The picks of the week from around the web.

It’s been a busy few weeks here, plus we’ve been on a short holiday, so I ain’t got much, except for this clip above, of Danish Minister for Health, Bertel Haarder, losing it Thick of It-style on a journalist Friday night (full interview here). It’s a very human reaction — he’d been pulled away from his rice pudding (no shit) and was persistently asked about something he couldn’t answer, but his defense, that he hadn’t been briefed in advance, is also problematic, and in any case, it provides for a yuletide reminder of the increasing blur between Man and medium.

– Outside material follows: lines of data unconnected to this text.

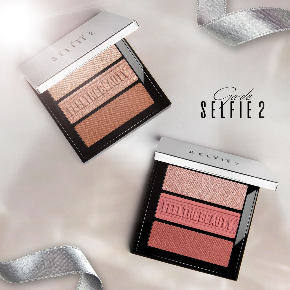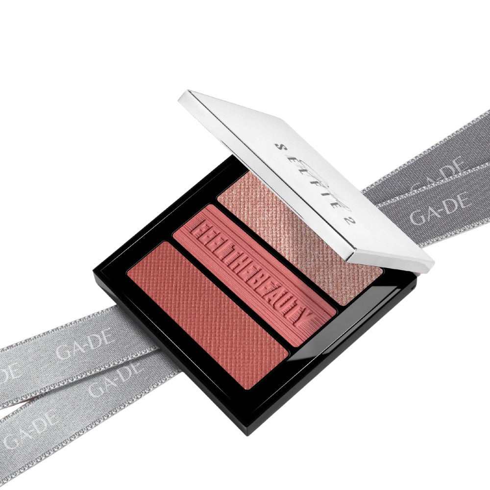 GA-DE Selfie Blush & Highlighter Trio Palette is a versatile three-in-one compact that brings sculpting, contouring, and highlighting together in perfect harmony. This innovative palette features two buildable shades of blush and one shimmer for finishes that range from matte to subtle sheen, offering a healthy glow and radiant luminosity in a single step.
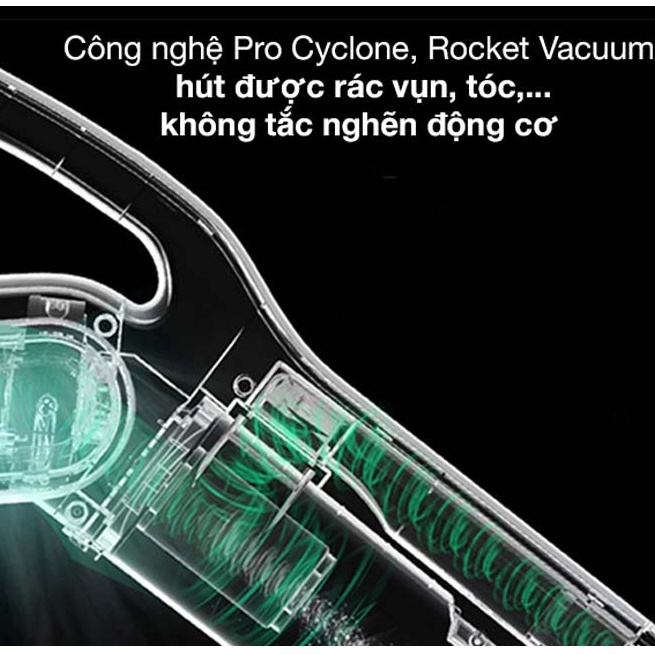Máy hút bụi Deerma cầm tay sử dụng công nghệ lốc xoáy Pro Cyclone, Rocket Vacuum hiện đại, hút được các mảnh vụn lớn, bụi, tóc,... mà không tắt nghẽn động cơ, tiết kiệm điện năng hiệu quả.• Thông số kỹ thuật Máy hút bụi Deerma cầm tay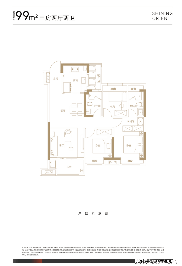 建面约99平㎡三房两厅两卫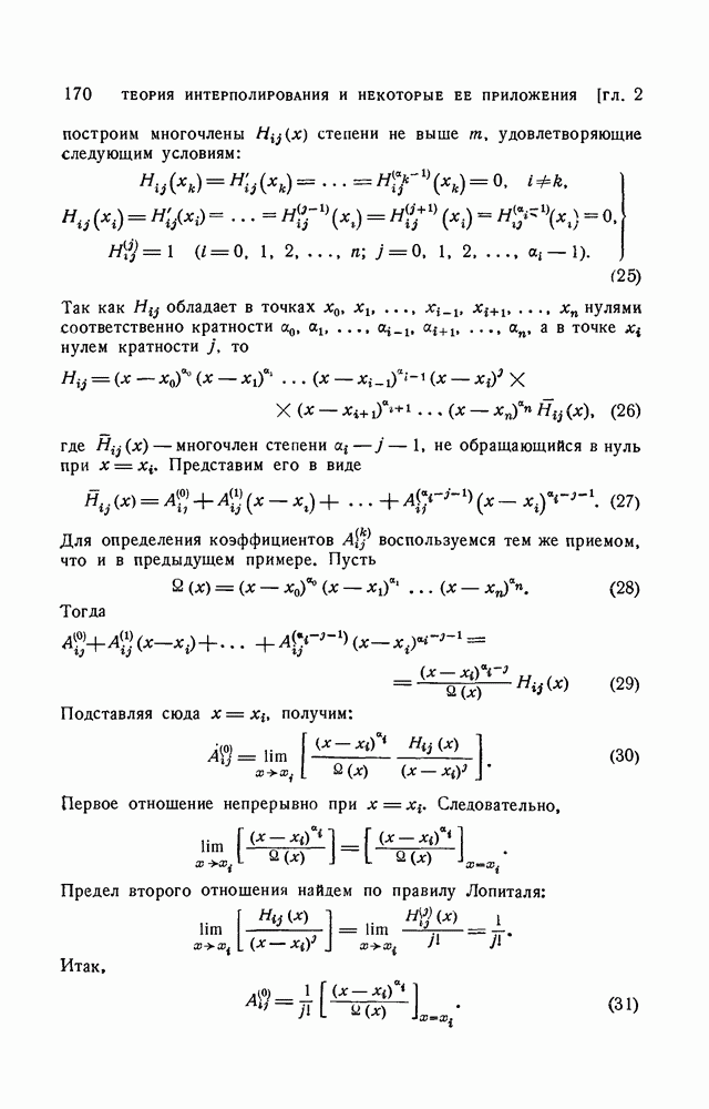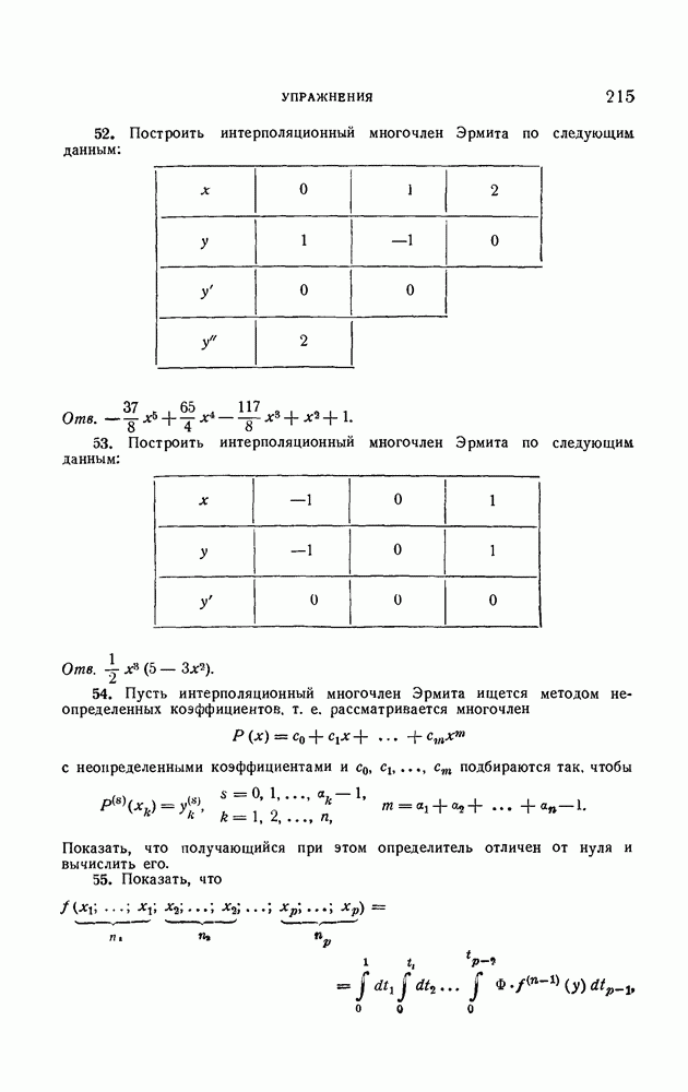 определялись единственным образом, дает основания утверждать единственность построенного многочлена. Приведем примеры на построение таких многочленов, которые мы в дальнейшем будем называть интерполяционными многочленами Эрмита.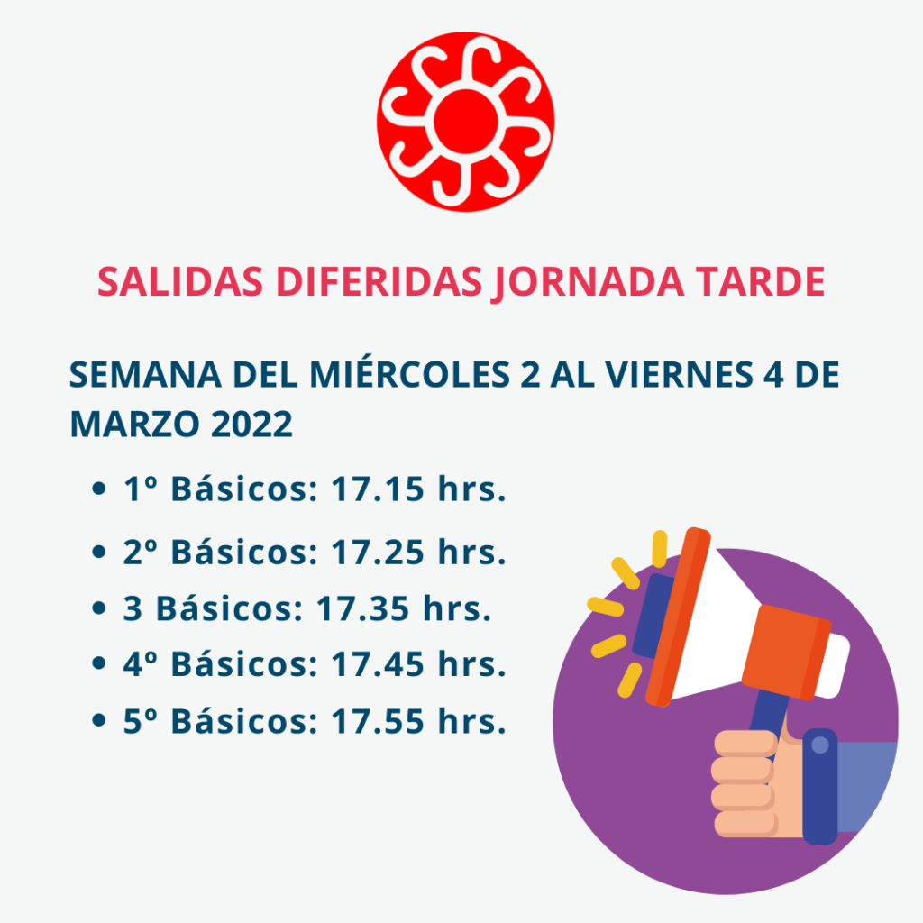 Les indicamos los horarios de salida solamente para la jornada de la tarde de nuestra institución.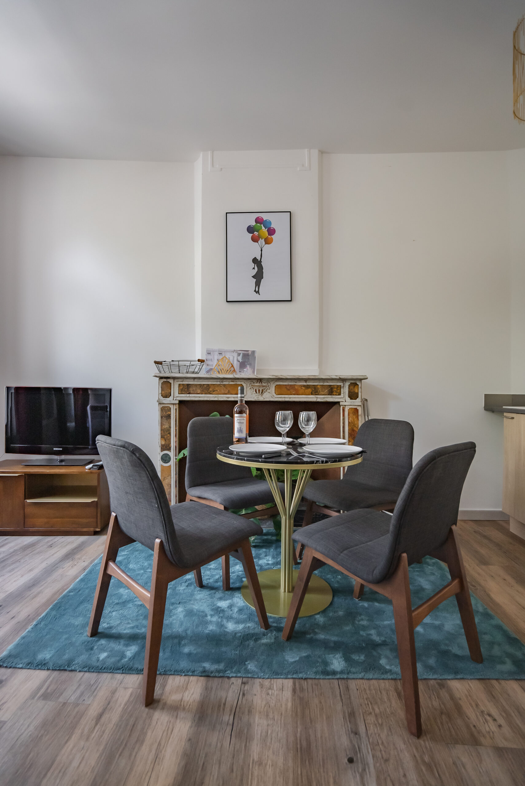 La cuisine ouverte est entièrement équipée (four, plaques, frigo, micro-ondes, Nespresso, bouilloire…), et la table ronde, entourée de quatre chaises confortables, invite aux repas et moments partagés.

Oh, and there’s been some good comics criticism around the web lately:

  • Sean Collins on Love & Rockets. Long-standing internet critic extraordinaire, Sean Collins, spent a couple of months reading the entirety of the Hernandez brothers’ work and wrote about it. Lots of good writing on critically neglected, classic material.
  • Eric Berlatsky on time and comics. A piece in Hooded Utilitarian’s ongoing republication of academic work on comics, this is a fine piece on time, space and simultaneity in comics.
  • Matt Seneca on Morrison & Quitely’s All-Star Superman. Seneca is one of the few critics around who really pays attention to the visual side of comics. This is a good list of notes on Quitely’s astonishing work on this landmark series.